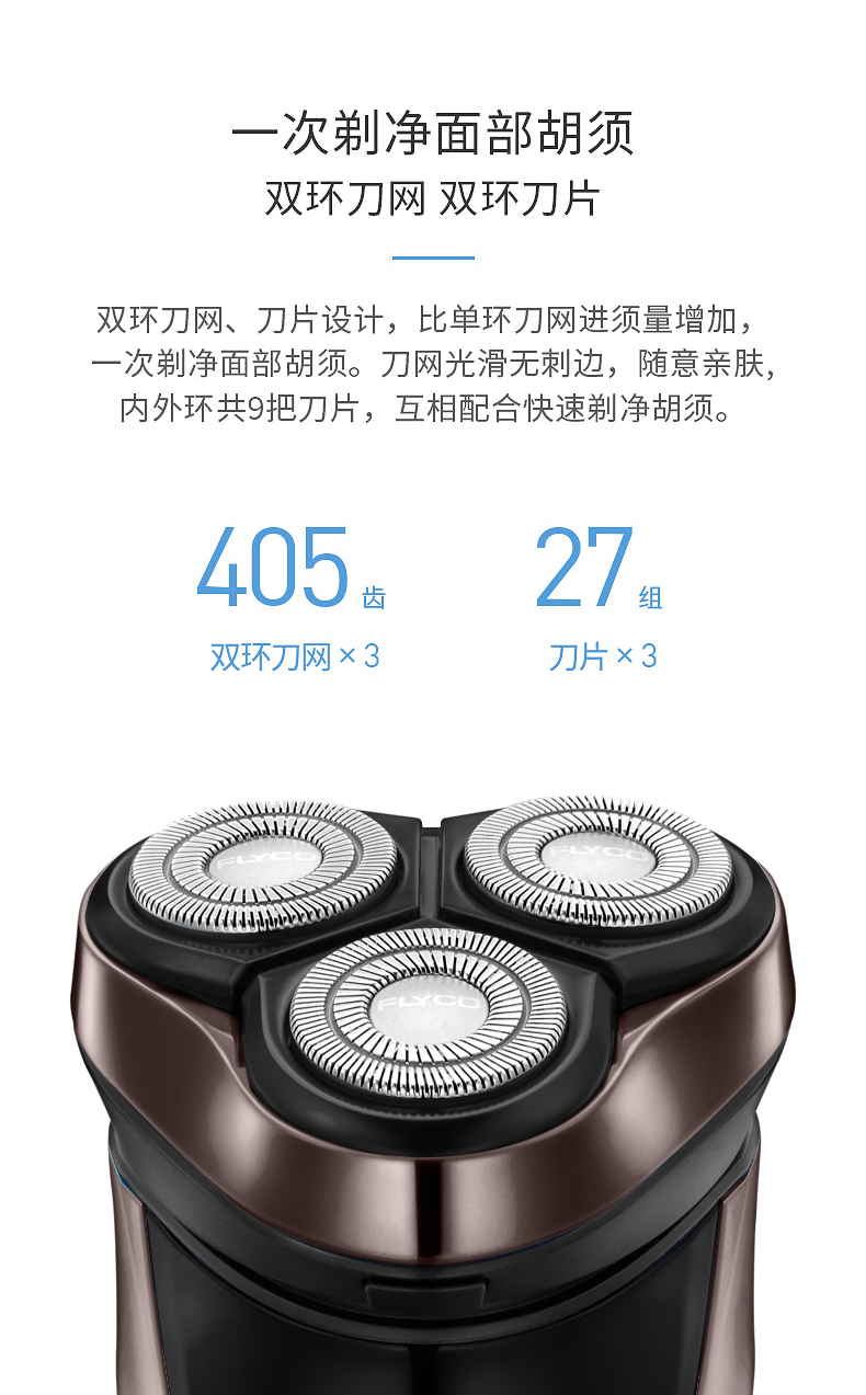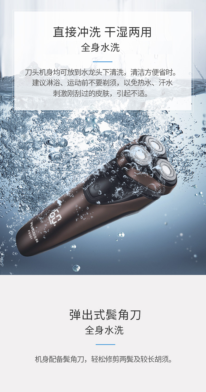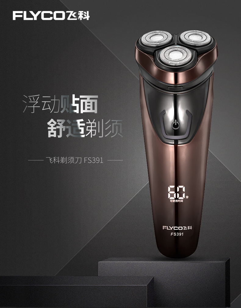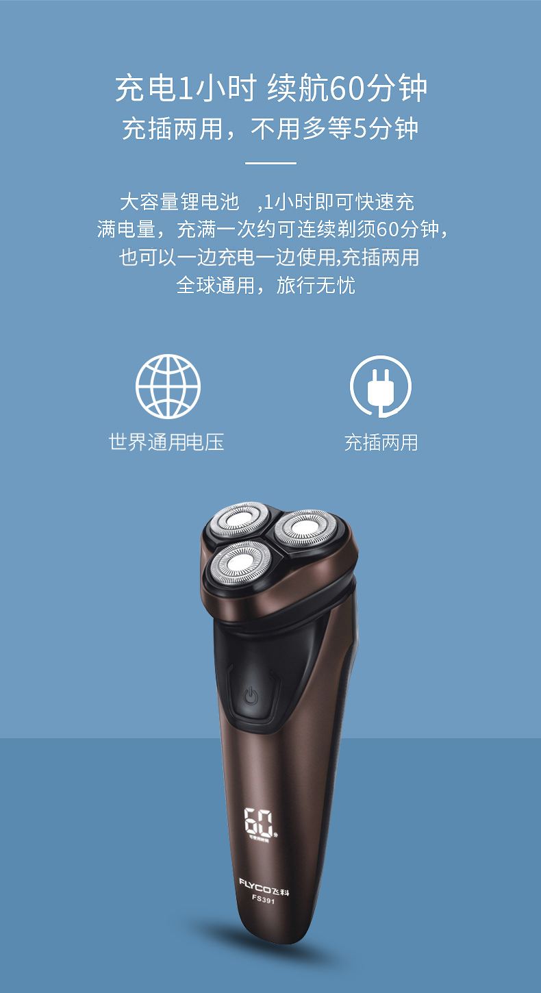 新品上市,1小时快充,IPX7防水,智能电量显示,全身水洗,三头浮动贴面剃须,智能防夹须,自动研磨刀头,弹出式修剪鬓刀,超长待机,两年保修,飞科品牌值得信赖。
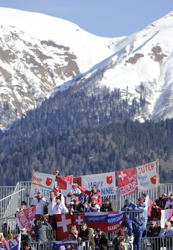 Ruská lyžiarka Maria Bedarevová v cielu stredajšieho zjazdu žien. Foto: SITA/AP
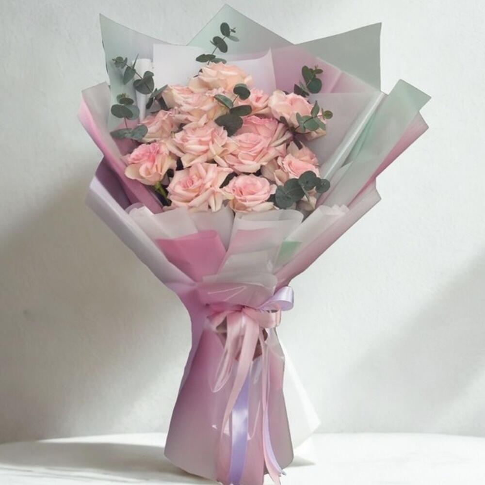 Eucalyptus - 4 pce wrapping paper - 3 pce pink roses - 15 pce
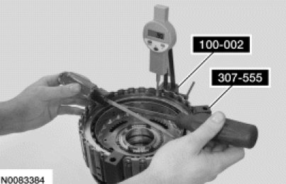 Install the forward clutch assembly into the Clutch End Play Gauge and install the Dial Indicator Gauge with Holding Fixture and position the plunger so it fits into the opening of the snap ring.

Activity: Repeat the listing in full and exactly. Leave any pictures out.

Solution for this problem:
 新品上市,1小时快充,IPX7防水,智能电量显示,全身水洗,三头浮动贴面剃须,智能防夹须,自动研磨刀头,弹出式修剪鬓刀,超长待机,两年保修,飞科品牌值得信赖。
 Ruská lyžiarka Maria Bedarevová v cielu stredajšieho zjazdu žien. Foto: SITA/AP
 Eucalyptus - 4 pce wrapping paper - 3 pce pink roses - 15 pce
 Install the forward clutch assembly into the Clutch End Play Gauge and install the Dial Indicator Gauge with Holding Fixture and position the plunger so it fits into the opening of the snap ring.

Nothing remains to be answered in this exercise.